Mohamed Mechmache à la tête de la concertation avec les habitants sur la politique de la ville ? L'idée pourrait faire sourire, tant le responsable de la remuante association AC Le feu qui a vu le jour au lendemain des émeutes urbaines de 2005 ne passe pas pour un courtisan du pouvoir. C'est pourtant lui ainsi que l'urbaniste Marie-Hélène Bacqué que le ministre a convaincu de prendre en charge une mission sur la participation des habitants. L'annonce devrait se faire officiellement mardi 18 décembre.
Voici deux mois que François Lamy a lancé sa grande consultation intitulée "Quartiers, engageons le changement". Grand raout à Roubaix, réunions de groupes de travail, plénières d'étape... le show est huilé et le ministre avance ses pions pour parvenir à une réforme de la géographie prioritaire comme dans l'obtention de nouveaux crédits pour les banlieues pauvres. Mais il manquait un acteur les habitants de cités et cela commençait à se voir. Quatre tables rondes ont donc été programmées tout au long du mois de janvier dans les villes de Bobigny, Rennes, la Seyne-sur-Mer et Strasbourg. Une agence de communication l'incontournable Campana et Eleb, l'agence chère aux mairies communistes est chargée de les mettre en scène.

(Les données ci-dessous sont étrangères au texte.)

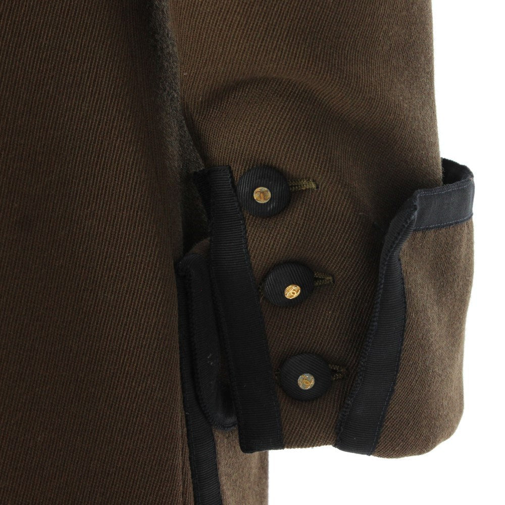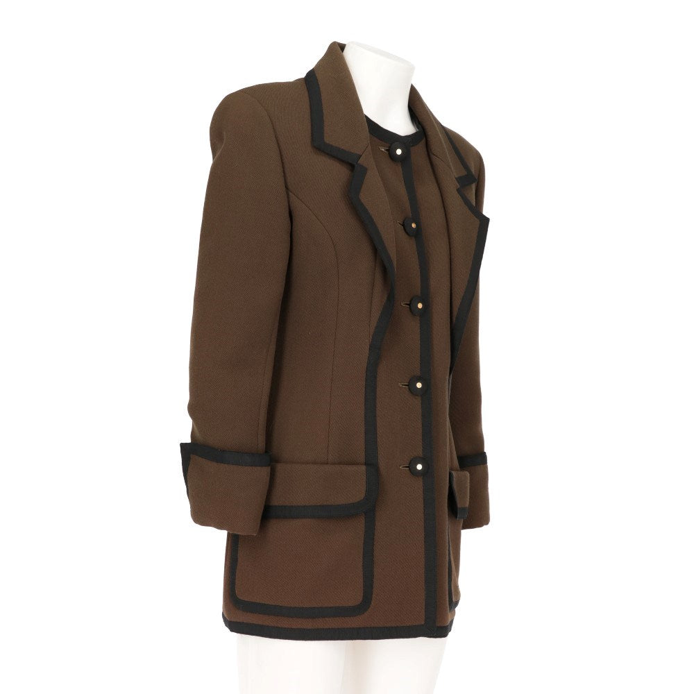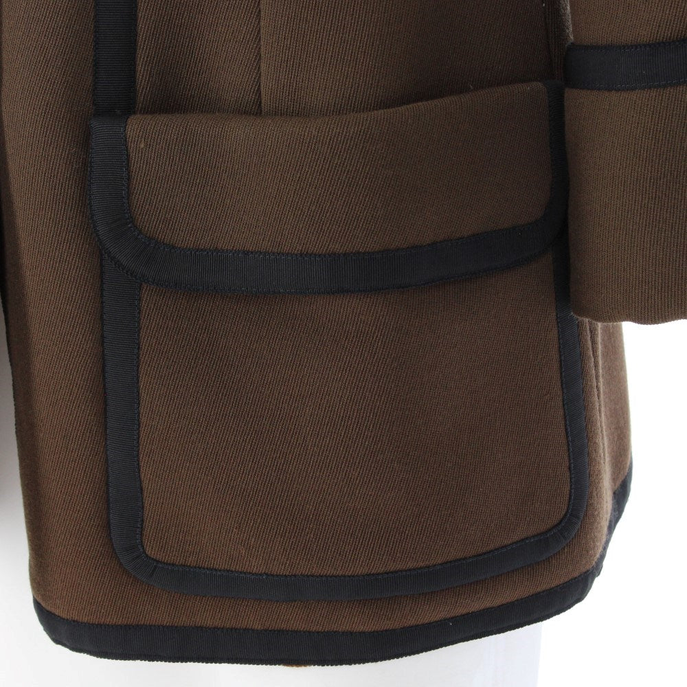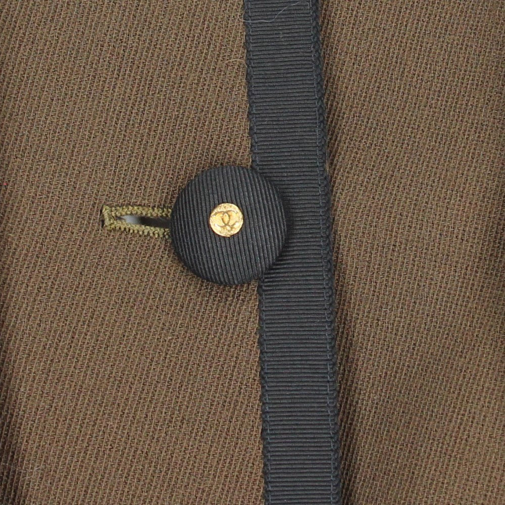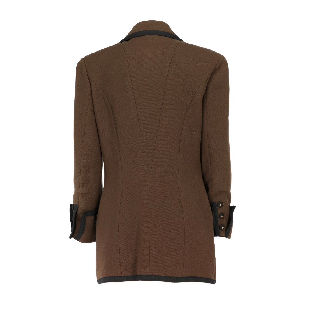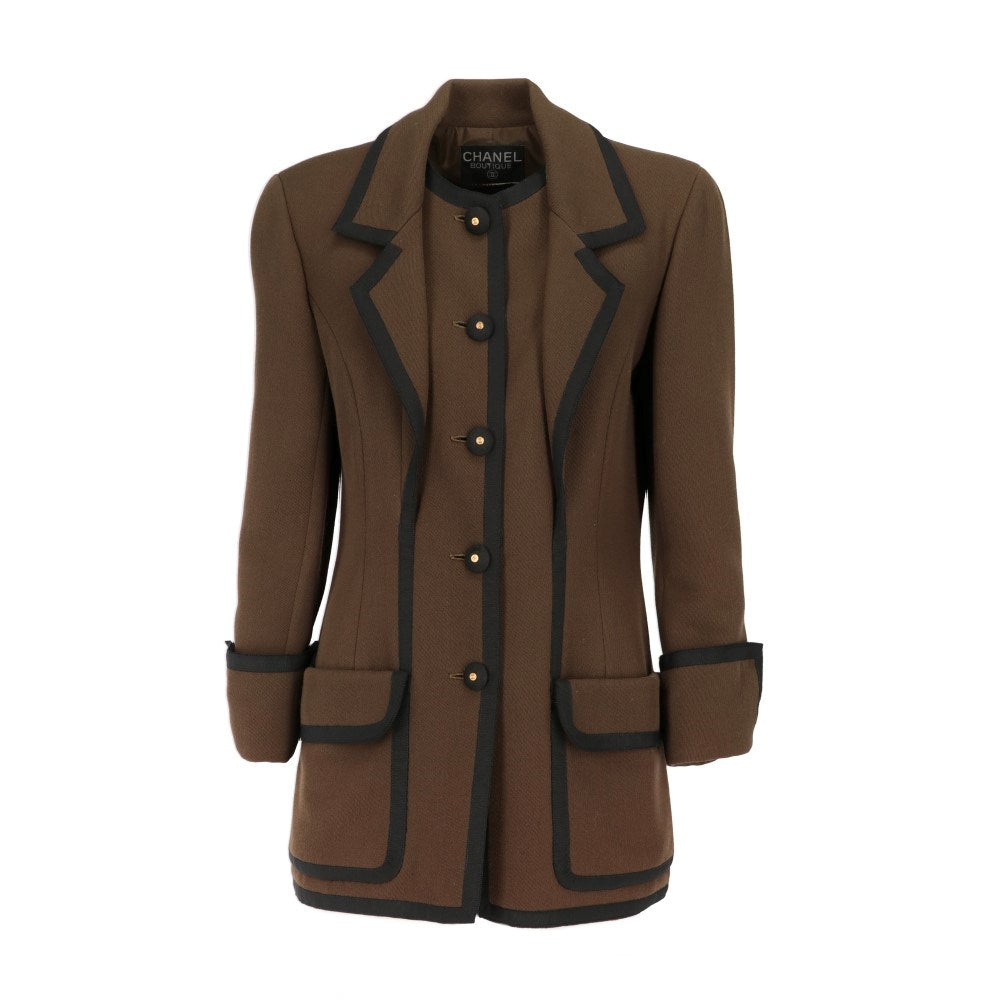 Chanel by Ratti brown wool blazer, with black details. Model from the 2000s. Round collar with applied lapel, central closure with logoed buttons and two front patch pockets. Cuffs with three buttons. Fully lined in logoed silk.

Pas de numéro de claquettes
Mais cela ne suffisait pas, lui disaient ses contacts dans le monde associatif. Car le ministre reçoit beaucoup. Outre une quantité incroyable d'élus de banlieue, des responsables associatifs ont été invités au ministère. C'est ainsi que le ministre a consulté Salah Amokrane, directeur de l'association toulousaine Tactikollectif, et Mohamed Mechmache, de Clichy-sous-Bois, tous deux animateurs et cofondateurs du Forum social des quartiers populaires. Les deux militants des quartiers lui ont dit l'importance d'associer les habitants à toute opération les concernant. "Le gros problème de la politique de la ville, c'est qu'on n'écoute que les élus et les techniciens de la ville. Il faut prendre le temps d'écouter et d'accompagner les initiatives autonomes", explique le Toulousain. M. Mechmache a insisté pour ne pas s'en tenir à de simples rencontres alibi : "Les quartiers n'ont pas besoin de réunions où le ministre vient faire son numéro de claquettes comme on l'a vu avec Fadela Amara."
Après une campagne présidentielle où la banlieue a eu l'impression d'avoir été la grande oubliée, c'est peu dire que la frange active des quartiers regardait avec méfiance cette nouvelle consultation. Conscient que la gauche devait se refaire une image auprès des militants des cités, le ministre de la ville a décidé d'afficher cette nouvelle priorité. Depuis trente ans, la politique de la ville a toujours échoué dans ce domaine, comme le faisait remarquer le sociologue Renaud Epstein lors du colloque sur la politique de la ville du Centre d'analyse stratégique mercredi 12 décembre à Sciences Po : "En France, il y a beaucoup de rhétorique participative mais peu de pratique."
Savoir entendre et associer
C'est ce défi que Mohamed Mechmache et Marie-Hélène Bacqué sont chargés de relever pour une mission de quatre mois, au terme de laquelle ils doivent rendre des propositions de structures pérennes et des outils permettant l'expression des habitants et des associations. "On ne peut pas faire des opérations de politique de la ville sans se préoccuper de ceux à qui cela s'adresse", assure M. Lamy. A ses yeux, de nombreuses opérations de rénovation urbaines ou de contrats de ville ont été ratés par manque de collaboration avec les habitants et les associations.
"On le voit lors des opérations de démolition/reconstruction : on a à la fois des rêves de désenclavement et en même temps un attachement à un lieu de lien social. Il faut savoir l'entendre et associer les habitants au montage des projets et à leur évolution", insiste encore le ministre. Un début d'"empowerment" à l'américaine, rendant les citoyens acteurs de leur changement. "Il nous a entendu", sourit M. Mechmache. Reste maintenant à allouer les moyens pour que cela ne devienne pas un gadget.